PC(USA) pastor serving a church in Kansas City. In my spare time I teach yoga and scuba diving

12 responses to “I Do Not Need 200 Suckers”

  1. mm Andy Hale says:

    I don’t think you could have found a better place to have a panic attack than the San Juan National Forest.

    What a great thought: Humans can choose to face vulnerability of self with disappearing or with hope of transformation.

    As a pastor, what is the most effective method for you to convey and live out this truth with your people?

  2. mm Roy Gruber says:

    Nicole, thanks for sharing such a personal story of panic and how it relates to faith. While I was reading sections of the chapter about the reef, I knew you had a smile on your face for that section when you read it. You make a great point about losing oneself due to fear versus losing oneself to find oneself in God. Have you found/used any good ways to communicate that? Would like to “borrow” something that works. Also, I think you should get extra credit on this post for using the word “bejeebies.”

    • mm Nicole Richardson says:

      Roy, I will communicate with others with others how important it is to be open and honest and vulnerable with God and oneself. By starting with the truth that God is already aware of who we are we have nothing to hide and therefore everything to gain. It takes time cultivating a safe space where people are willing to risk. Little by little in practice, they experience the gifts that come being fully open. I also say the importance in knowing who God so that we may know who we are and whose we are.

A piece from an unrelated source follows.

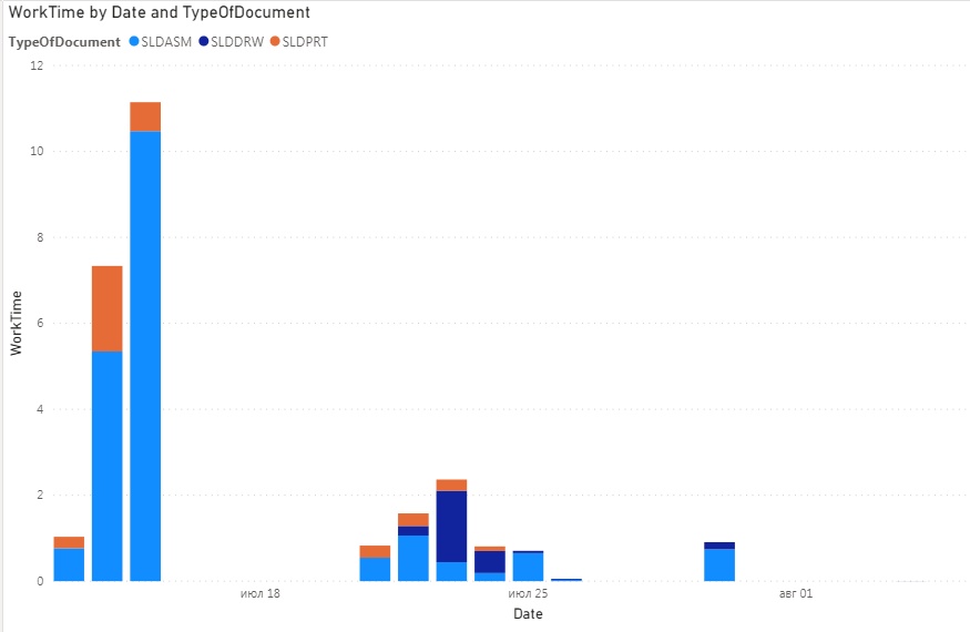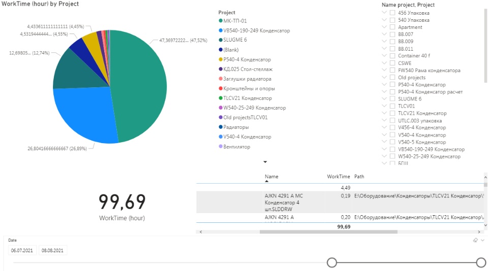 At the same time, they worked on the project in SOLIDWORKS for 12 days, of which only 9 with a time spent more than 1 hour. I went over to the drawings on 22.07 and worked on them for 4 working days.

  3. mm Troy Rappold says:

    Nicole: You ask good theological questions as a response to reading this book. And you make an interesting description of what scuba diving provides for you. We all need a place like that and Busch does a good job of emphasizing this. I got my scuba license 5 years ago, and it is amazing down there!

  4. Kayli Hillebrand says:

    Nicole: I love this statement you make, “I must help remove the blind spot so that people can partake of the Trinitarian joy of being separate yet together, invisible yet seen,” It’s an interesting thought knowing that we are meant to be a vessel for the Lord to shine through, yet called to live in a manner that reflects how we were created, individually reflecting Him. I know this book will likely prompt even more for you with your NPO – I’m looking forward to seeing how it unfolds.

  5. mm Eric Basye says:

    Excellent post, as always. While reading I couldn’t help but think of you and your love of scuba diving!

    I love the reflection at the end. Well said. It is a tension we live in, not only for ourselves, but also in helping others understand and know their true identity.

  6. Elmarie Parker says:

    Thank you, Nicole, for this vulnerable and thoughtful post. I love how you theologically reflect on your life experiences and the implications this has for your leadership. This quote really caught me: “I am no longer afraid to have my identity transformed. I desire to be seen, to be known, to remember once again who I am and whose I am.” What a profound gift you bring to your community! I’m eager to hear more of how you are guided to invite others into this kind of risky and transformative journey!

    • mm Nicole Richardson says:

      Thank you Elmarie. I have found it is a process of continually inviting people into this journey. It’s not easy for people to step into transformation precisely because of the fear of losing oneself. It is the same trust required in living out baptismal vows!